According to several, Kline's most recognisable style resulted from a compliment made to him by his buddy and creative influence, Willem de Kooning. Elaine de Kooning's wife Elaine gave a romanticized version of the incident, saying that de Kooning advised an artistically ill Kline to draw a sketch onto the wall of his studio in 1948 using a Bell-Opticon projector.Kline described the projection as such:
"A four-by-five inch black drawing of a rocking chair [...] loomed in massive black strokes that destroyed any image, and the strokes have grown as entities separate from any entity but in the presence of their own."
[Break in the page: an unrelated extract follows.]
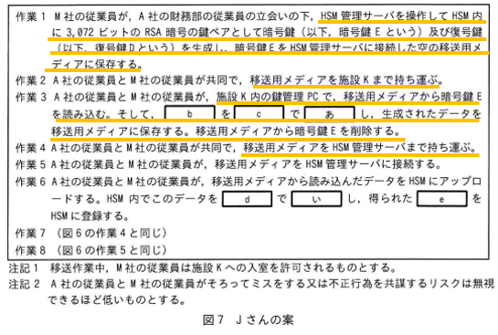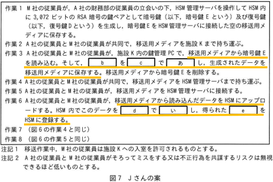 作業4としては、『A社の従業員とM社の従業員が共同で、移送用メディアをHSM管理サーバまで持ち運ぶ』とありますが、この作業4時点で、署名鍵Sは暗号鍵Eによって暗号化された状態で持ち運ばれています。

It was then that Kline devoted himself to large-scale abstract art and began to produce his own brand of Abstract Expressionism, as Elaine de Kooning says. However, even though Willem de Kooning recalls that Kline "delved into abstraction "all of a sudden," he admits that it took him a long time," he continues to say that "Franz had a dream, but it takes a long time to work it out." Kline's bushstrokes became completely non-representative, elastic, and dynamic over the next two years. Also at this time, Kline began painting only in black and white. "I paint the white as well as the black, and the black is just as important," he explained how his monochrome palette was supposed to depict negative and positive space. His use of black and white is very similar to paintings created by de Kooning and Pollock in the 1940s. Through his friendship with the Japanese avant-garde calligraphy company Bokujinkai and its chief Morita Shiryu, Kline's black and white paintings also appear to have references to Japanese calligraphy, although Kline later denied that connection.
On October 16, 1950, the first one-man exhibition in Kline took place at 63 East 57th Street, the first one-man exhibition. Eleven abstract paintings were on display. In Leda, color was a special feature in the paintings: brown underpainting along the bottom of Nijinsky and fleeting hints of green. The paintings displayed a variety of styles and moods, but they all had one defining feature: Kline's signature style of black on white. Kline had described himself as a "black and white guy" three years ago in London, but not until this show, did the accuracy of this period become apparent to others. Kline was dubbed the "black and white artist" by Kline's fame and concrete style, a brand that remained with the artist and who would occasionally be bound by. Kline's first one-man exhibition was a pivotal event in his career, marking the transition from start to end of Kline's major contribution as an abstract artist. Kline had a personal style at forty years old that he had already mastered. There were no legitimate ways for Kline to further his probe; he only had the ability to imitate the style he had already mastered. For Kline's continued development, there was only one logical course to go: back to color, the direction he was headed at the time of his premature death from heart disease.
Kline began working with more complex chiaroscuro in the late 1950s, rather than concentrating on a narrow monochromatic palette. Through vivid accents in his black and white paintings, the artist reintroduced color in his art in 1958. When Kline died in 1962, this return to color-use was still in existence.